Part of this attitude was ideological. “Freedom” not only meant freedom from improper political restraint, it meant freedom from dependence on other people for one’s provision. The Jeffersonian yeoman, in particular, as well as the independent artisan (also less so), exemplified this aspiration.

I suspect the nature of the labor market at this time supported this view as well. In early America, population was highly diffuse, towns were small and travel difficult. Labor markets were so thin, and transition costs so high, that employment was sticky, wage workers often had few practical alternatives to their current employers. At this time, employer-employee relationships were often paternalistic, extending beyond one’s work into all parts of an employee’s life.

With increasing population density and industrialization, local labor markets naturally thickened. That meant more options for wage employees. It became more of a sellers’ market for labor rather than a buyers’ market. This undercut a requisite of the older, more hierarchical relationship of wage employees to the employer. Increased market power allowed the wage employee increasingly to transact on an equal basis with the employer. If the employee did not like the wages or working conditions offered by the employer, then the worker was free to find alternative employment more to his liking.

Changes in the social conception of the wage worker followed from changes in the labor market, no longer conceived as a social and economic subordinate, the lifelong wage worker could now be a social and economic equal.

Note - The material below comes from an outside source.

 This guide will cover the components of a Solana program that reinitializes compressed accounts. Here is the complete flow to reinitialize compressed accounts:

The workers’ relationship to the market changed as well, at least relative to yeomanry. For the yeoman the market existed on the periphery of daily life. The “market” was a special day of the week, not a daily occurrence. One produced mainly for one’s own consumption, with only the surplus used for exchange in the market, and then for a few things one could not easily make. Freedom was understood as freedom from human influence, even as one’s life was subjected to the potentially harsh vagaries of nature.

In contrast, the market interpenetrated the daily existence of wage labor; the market was a central feature of the life of wage workers, dictating a different rhythm and, as it were, creating a different semiotic environment. “Contract” became the epitome of human liberty rather than the yeoman’s independence from human direction. By definition, a contract takes at least two parties, so it is of necessity a social phenomenon. Subsistence farming, at least in its ideal form, exists with minimal economic dependence on those outside the family.

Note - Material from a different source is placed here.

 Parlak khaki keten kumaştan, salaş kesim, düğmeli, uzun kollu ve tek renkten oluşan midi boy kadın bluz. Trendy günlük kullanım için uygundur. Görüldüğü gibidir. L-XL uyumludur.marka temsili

This picture of free (and freed) men contracting with each other, upright and face to face, provided the emotive core of the Republican’s “free labor” ideology. Free labor ideology had a broader view of human dignity beyond the end of chattel slavery (which was, of course, a critical first step).

This view of freedom and human dignity not only had political implications, but legal and social implications as well. Indeed, the legal doctrine of substantive due process—the notion that the Fourteenth Amendment’s liberty guarantee included a commitment to contractual freedom for labor, and therefore was suspicious of government restraints on the contractual rights of workers—rose decades later, from the roots of Republican free labor ideology.

This view of human dignity and contractual liberty also led to the early use of antitrust laws against union collective bargaining agreements. These agreements were seen as restraints on trade, limiting the freedom for workers to contract independently with their employers, and thereby offending their dignity as mature men. Unions of course contested the claim and argued that this conception of contractual liberty continued to protect the dignity of workers in light of once-again changed economic circumstances and the need for collective action. This argument, with differing conceptions of the nature of power, liberty, work and wages, and the relationships between them, continued to rage pretty much for the next century.